Claudea elegans J.V.Lamour.

Scientific Description

Habit and structure. Thallus rose-red to grey-red, (10–)20–40 cm high, with several axes usually basally branched and becoming 2–3 mm thick basally. Axes with upper net-like fronds usually 5–15 cm long and 1–3 cm broad, tapering apically, unilaterally placed on narrow "mid-ribs" with membranous wings opposite the nets and rectangular interstices; apices of fronds usually curved abaxially, with frond margins dentate due to the apices of second-order filaments; axes becoming thickened and denuded below. Holdfast discoid, formed of spreading rhizoids, becoming pseudoparenchymatous; epilithic or on shells. Structure. Apical cells of blades dome-shaped, segmenting after 4–7 cells to form first 2 lateral pericentral cells, followed by lower (abaxial) and upper (adaxial) transverse pericentral cells. The lateral pericentral cells cut off 2 flanking cells, the upper (anterior) one forming a second-order row with most of the inner cells forming third-order rows; the lower (posterior) flanking cell develops as an unbranched third-order row also. Short fourth-order rows may develop from cells near the margin, and all rows reach the thallus margin. The wings developed from the lateral pericentral cells become 1–2 mm and many cells broad on the primary axes. The upper (adaxial) transverse pericentral cells produce secondary blades from successive segments, branched as above but smaller, lying in a plane at right angles to the parent blade, 80–120 µm and 6–10 cells broad. These secondary blades produce filaments (4–)6–10 cells long from the upper transverse pericentral cells which extend to and unite with the lower (abaxial) transverse pericentral cells of the secondary blade above them. As the frond expands, these filaments develop into tertiary blades (with their apical cell adherent above) which repeat the blade development. Apices of the secondary blades project as the dentations on the frond margins. Cortication of the midrib and lateral cells of primary blades commences some distance below the apices and becomes relatively thick below as the wings and blades are lost from older parts. Cells mostly multinucleate; rhodoplasts discoid.
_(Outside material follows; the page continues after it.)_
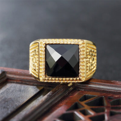 R0872-NK02 Nhẫn Ngoại Thương Châu Âu Và Mỹ Thời Trang Vạn Lý Trường Thành Hoa Văn Đơn Giản Đá Quý Nam Nhẫn Thép Titan
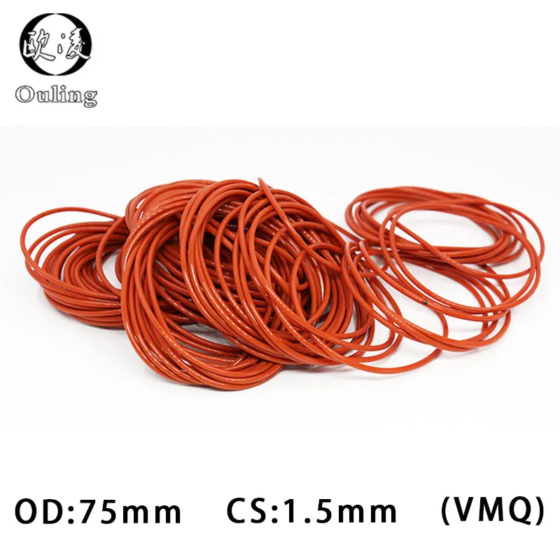 Красные силиконовые кольцо Силиконовое уплотнительное кольцо толщиной 1,5 мм OD6075 мм уплотнительное резиновое уплотнительное кольцо водонепроницаемая полоса эластичные кольца для шайбы

Reproduction. Gametophytes dioecious. Procarps borne in series on the lower (abaxial) side of primary and secondary blades close to apices, without development of the next order of branches near the procarps. The abaxial pericentral cell becomes the supporting cell, cutting off two sterile groups and a 4-celled carpogonial branch. Carposporophyte with a basal fusion cell, much branched gonimoblast with broadly clavate to ovoid terminal carposporangia 50–90 µm in diameter, replaced from subterminal cells. Cystocarps on slender stalks 2–5 mm long, single or in small clusters of adjacent stalks developed from the midrib and narrow wings, ovoid, 1–2 mm in diameter, with a slight neck only. Pericarp with an outer cortical layer of irregular but closely adjacent cells. Spermatangial sori covering tertiary and quaternary blades of the nets, derived from lateral pericentral cells and inner cells of second and third-order rows, leaving the transverse pericentral cells and marginal (often also submarginal) cells sterile, with the primary cells dividing anticlinally and cutting off initials which each produce several spermatangia. Tetrasporangial stichidia developed from tertiary branches of the nets (which then lack further branches); the lateral pericentral cells form only a single second-order row of elongate cells, apart from division into 2 flanking cells (and later more third-order rows) at the margins. Stichidia ovate, 1–1.5 mm long and 500–700 µm broad, with the tetrasporangia cut off from 3–5 cells of the single rows from the lateral pericentral cells, essentially in a single layer but usually pushed into 2 layers, with occasional further tetrasporangia cut off from the primary cells; the oldest tetrasporangia are situated centrally in the sorus (both longitudinally and near the midrib) and are subspherical, 50–120 µm in diameter.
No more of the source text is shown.